October 3, 2022
If you are a baseball fan, chances are you have marveled at several outstanding rookies this season. Julio Rodriguez mashed a ton of dingers during the Home Run Derby. Perhaps you caught Adley Rutschman gunning down a would-be base stealer or lining another double in the gap. Steven Kwan dominated a few early-season news cycles. Carlos Correa has put up a more-than-respectable 4.3 fWAR for Minnesota this year, but his replacement, rookie Jeremy Peña, has put up 3.3 fWAR for Houston. Michael Harris II and Spencer Strider have been wildly productive for Atlanta. The Mariners’ George Kirby has basically matched Gerrit Cole in fWAR — this year’s crop of rookies have been so good that I bet most baseball fans outside Seattle are largely ignorant of who Kirby is, even though in a normal season he’d be among the front runners for AL Rookie of the Year.

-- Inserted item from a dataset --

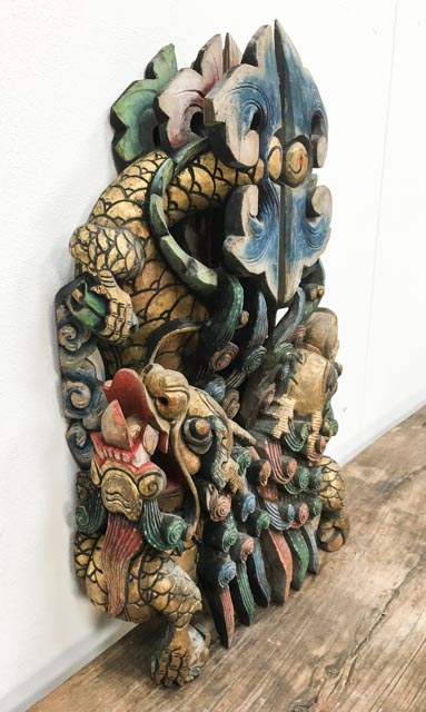 Paire de sculptures en bois représentant des lions chinois, éléments architecturaux d’une ancienne maison chinoise. Les lions chinois sont des images célèbres pour la protection des maisons et des portes en Asie. Le prix est par paire.

Riley Greene, Bobby Witt, Jr., and Oneil Cruz are all athletic marvels who are already helping their teams and have been slated as future All Stars for years. What can Joey Meneses do in a full season? Why are the Cardinals always able to develop guys like Brendan Donovan and Lars Nootbaar?
This is all good for baseball, but the player I want you to spend a few minutes considering is the one Fangraphs has pegged as the sixth-most productive position player rookie in MLB this year, even though he had only played 96 games as I write this, and every other player in the top 10 had appeared in at least 108 games: Jake McCarthy.